5. Conclusions and Future Work

Adapting the elevation directivity characteristic of ${cosec}^2$ according to the application needs or radar type, using modified versions of the ${cosec}^2$ directivity pattern through studied and experimented variants is highly beneficial for optimizing subsequent signal processing after reception.

There are many options for modifying and optimizing the ${cosec}^2$ directivity characteristic. These variations can be achieved with appropriately designed reflector antennas or phased array antennas, which are much more expensive and difficult to calibrate and maintain.

Choosing an elevation directive characteristic of the type ${cosec}^2·cos$ offers the advantage of a better experimental approximation compared to the theoretical ${cosec}^2$ characteristic and a better distribution of radiated power by reducing the secondary lobe in elevation near the maximum elevation angle.

This reduction of sidelobe power in the elevation directivity characteristic, particularly for airborne radars, eliminates unwanted effects in signal processing caused by clutter (ground or water surface reflections), providing the ability to track targets without positional losses (if the target is within the clutter zone, it is practically challenging to observe).

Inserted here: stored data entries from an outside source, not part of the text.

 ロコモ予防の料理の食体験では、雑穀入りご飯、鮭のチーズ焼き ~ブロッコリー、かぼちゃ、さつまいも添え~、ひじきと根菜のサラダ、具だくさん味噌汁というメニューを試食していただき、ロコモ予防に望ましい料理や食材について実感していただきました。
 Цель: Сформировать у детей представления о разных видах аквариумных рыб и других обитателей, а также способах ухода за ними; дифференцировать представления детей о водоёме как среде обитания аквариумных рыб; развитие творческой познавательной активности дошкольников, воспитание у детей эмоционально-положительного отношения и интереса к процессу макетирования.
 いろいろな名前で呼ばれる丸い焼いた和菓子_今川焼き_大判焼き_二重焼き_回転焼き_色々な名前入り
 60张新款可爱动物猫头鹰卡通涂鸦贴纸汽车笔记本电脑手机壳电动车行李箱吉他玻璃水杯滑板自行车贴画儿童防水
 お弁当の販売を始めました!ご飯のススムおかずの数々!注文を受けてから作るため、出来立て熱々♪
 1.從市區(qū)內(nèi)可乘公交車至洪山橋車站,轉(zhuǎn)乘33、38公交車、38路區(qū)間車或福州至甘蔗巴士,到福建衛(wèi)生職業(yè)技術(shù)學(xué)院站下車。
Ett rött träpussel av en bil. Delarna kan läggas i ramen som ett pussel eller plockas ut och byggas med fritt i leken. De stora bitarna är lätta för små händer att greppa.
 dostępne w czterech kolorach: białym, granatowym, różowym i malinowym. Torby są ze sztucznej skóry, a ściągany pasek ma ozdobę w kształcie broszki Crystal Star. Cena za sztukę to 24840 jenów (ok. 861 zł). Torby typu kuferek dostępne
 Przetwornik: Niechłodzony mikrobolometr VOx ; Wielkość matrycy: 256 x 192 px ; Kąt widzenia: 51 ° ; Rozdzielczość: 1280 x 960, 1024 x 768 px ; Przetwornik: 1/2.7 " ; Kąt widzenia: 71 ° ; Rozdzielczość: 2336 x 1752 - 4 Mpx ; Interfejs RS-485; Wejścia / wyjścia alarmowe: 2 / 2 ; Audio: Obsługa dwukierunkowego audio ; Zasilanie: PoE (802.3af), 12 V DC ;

This type of directive characteristic is useful for radar systems mounted on aircraft and for radars used for air surveillance, especially those with wavelengths in the range [1;10] cm. It is also highly suitable for military and civilian radar systems designed for drone detection and tracking, operating at frequencies of up to 28 GHz, where azimuthal angular resolution and antenna directivity are of critical importance. Moreover, it is useful in 5G communication systems, particularly when a constant received power across the antenna radiation pattern is required.

Using a primary source with a ${cos}^4$ specific directivity pattern to generate the curve in the symmetry plane results in a decreased vertical dimension of the reflector when compared to employing a ${cos}^2$ different directivity pattern for the primary radiator, under identical angle values ${\gamma }_1,{\gamma }_2,{\theta }_1,{\theta }_2$.

Selecting the optimal variant of the reflector with an elevation directivity characteristic requires a large volume of simulations with fine variations in the values of reflective angles for the same incident angles, in accordance with the requirements for the radar. It suppose that are known all the performances imposed for the directivity characteristic in azimuth, including the angular resolution at −3 dB, the levels of the secondary lobes, the front-back ratio (i.e., the ration between the main lobe power and the back one) and the specificity of the target that needs to be detected (maximum and minimum altitude, target RCS, speed, etc.)

As future work, if sufficient funding is available, we intend to implement the antenna physically, measure its performance, and compare it with the theoretical and experimental findings.